From his grasp of physical comedy to his fearlessness in the face of certain death (until recently, Chan performed all of his own stunts) he's a one of a kind talent whose taken his abilities in directions both reasonable (charity work, political reform) and ridiculous (have your heard about his singing career?).

Now, Chan is back, bringing the latest installment in the long running Police Story franchise to Western shores (subtitled Lockdown, it's been around since 2013), and with it, a reminder of his multifaceted abilities. He's not just an actor. He's also a stunt coordinator and choreographer, a writer, a director, and most importantly, a ceaseless supporter of his country's cinema. With nearly four decades under his (black) belt, it's time to consider Chan's creative cannon. Below you will find our choices for the ten best pictures Jackie Chan's career, everything from the crazy to the classic. While he stuck to formula most of the time, no one made redundancy seem like original spectacle better than he.

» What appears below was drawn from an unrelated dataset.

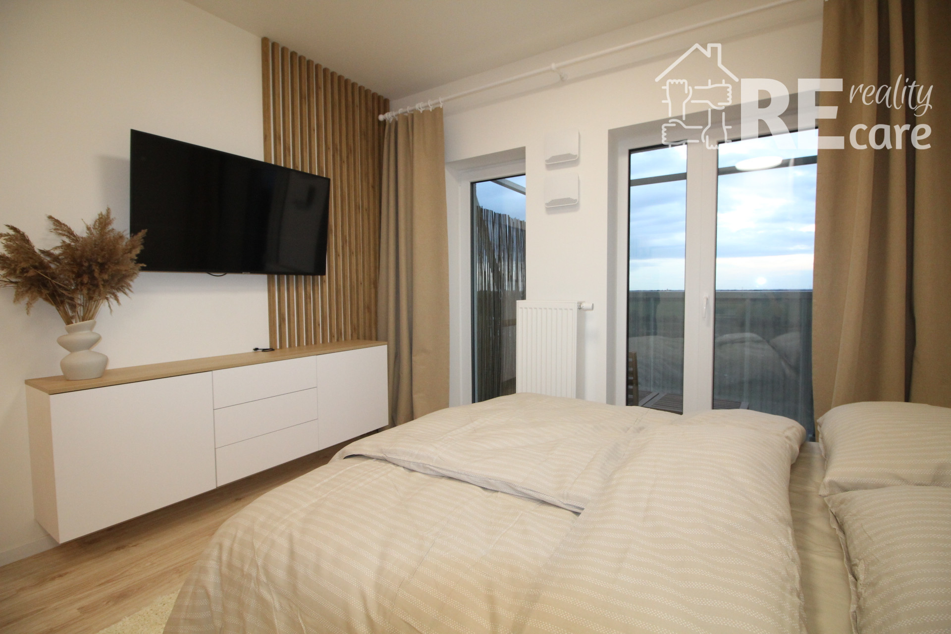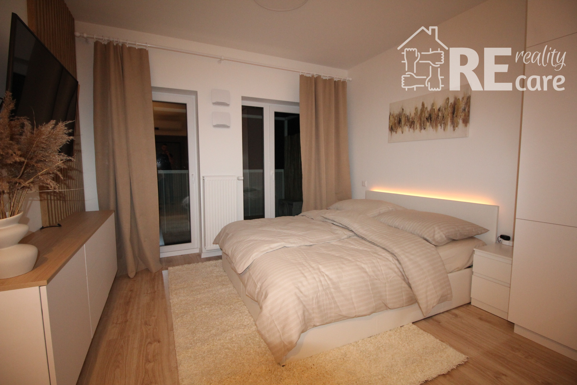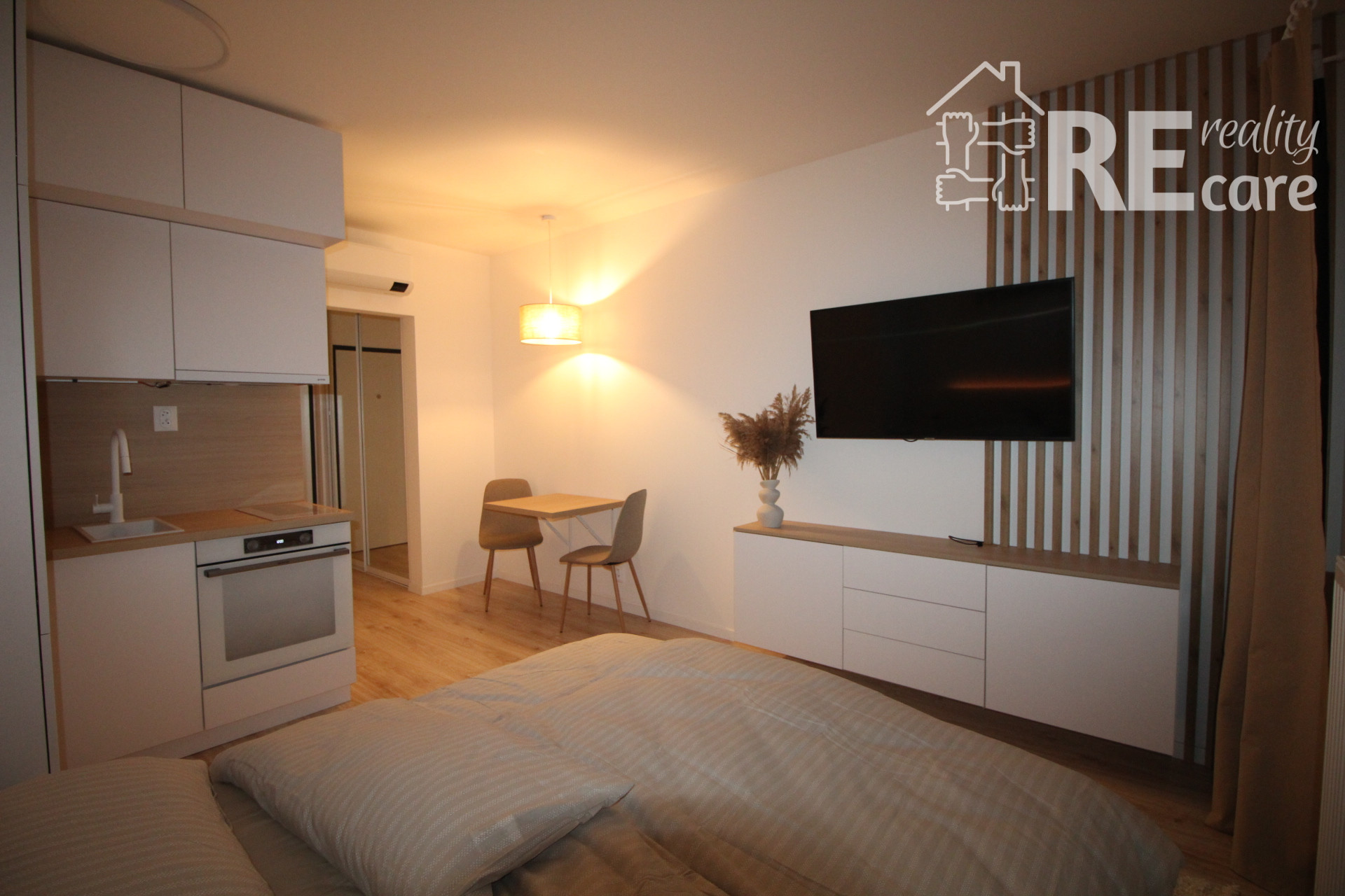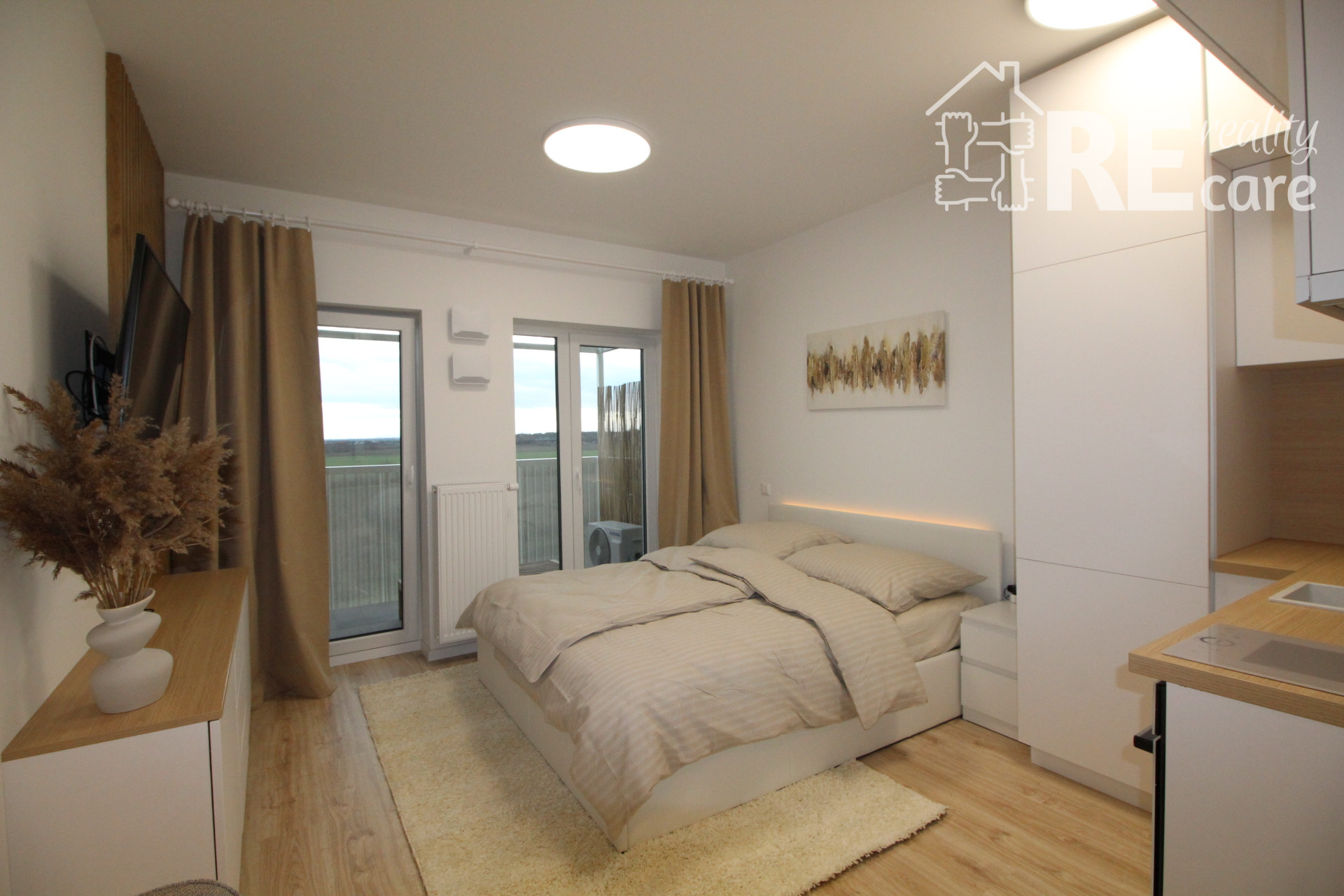 - Ostatný priestor tvorí sklápací jedálenský stôl, stoličky, klimatizácia, smart TV, skrinka pod TV s ďalším praktickým úložným priestorom, manželská posteľ s voliteľným LED podsvietením s opäť veľkým úložným priestorom, nočné stolíky, 9kg tichá práčka s WiFi, komfortné balkónové sedenie s pekným, ničím nerušeným výhľadom.

Let's start with an oldie but goodie:

10. Operation Condor (Armour of God 2)

Two years after the final pre-Crystal Skull installment of the Indiana Jones films arrived in theaters, Chan was jumping on the adventurer/explorer bandwagon with this wonderful piece of movie mimicry. At the time, it was one of the most expensive Hong Kong movies ever made ($115 million, which translates to about $15 million American). Taking the character of Asian Hawk and turning him into more of a comedic figure would be the way in which Chan expanded his global reach, realizing that humor could help bring people to his otherwise over the top and carefully choreographed fight films -- and it's obviously worked.

9. Wheels on Meals

They are like the Three Stooges of Hong Kong action comedies, a combination so successful that it's amazing they never caught on around the world. Chan, along with director/writer/fight coordinator/actor Sammo Hung and Yuen Biao, all met at the Peking Opera, where they studied martial arts and acrobatics. They then began making movies, including this hilarious romp involving a food truck, a mysterious woman, and lots of physical shtick. While some prefer their other collaborations (Project A, Lucky Stars), this is their most unabashedly silly and fun. Hung remains one of the most underrated directors in all of the genre.

8. Mr. Nice Guy
Sammo Hung is behind the lens again, this time dealing with Chan's genial chef and a missing mob tape. Basically, an investigative journalist films something she shouldn't, the footage gets mixed up with some of our heroes, and a collection of clever cat and mouse chases ensue. Perhaps one of the best sequences in all of Chan's career occurs in a mall, when a bunch of bad guys come calling to interrupt a cooking demonstration. Most fans have never seen the original film. When New Line picked it up for distribution, it made several editorial and creative cuts. A Japanese release contains the only unaltered version of the effort.

7. Who Am I?

Amnesia. An easy comedic concept, right? Well, leave it to our lead and collaborator Benny Chan (no relation) to take this idea and go crazy with it. The title refers to Chan's post-trauma illness, as well as the name given to him by natives who come across his confused persona. Soon, everyone is referring to our hero by the oddball moniker while major league action set pieces fly by. While Chan is clearly capable of dealing with the demands of physical comedy and slapstick, this is one of the rare occasions when the laughs come from character, not just chaos.

6. Rumble in the Bronx

For many, this was the movie that broke Chan into the US mainstream. Sure, before then, he was a favorite of film fans with access to a video store stocking his foreign titles, but this is the effort that got the attention of Joe and Jane Six Pack. Naturally, as they did with almost all his films, New Line reconfigured it for a domestic audience, and found itself with a huge hit on its hands. Chan purists prefer the original cut, including the cast voices sans dubbing. It was thanks to Rumble that Chan would go on to have a lengthy run in Tinseltown, including those annoying Rush Hour films.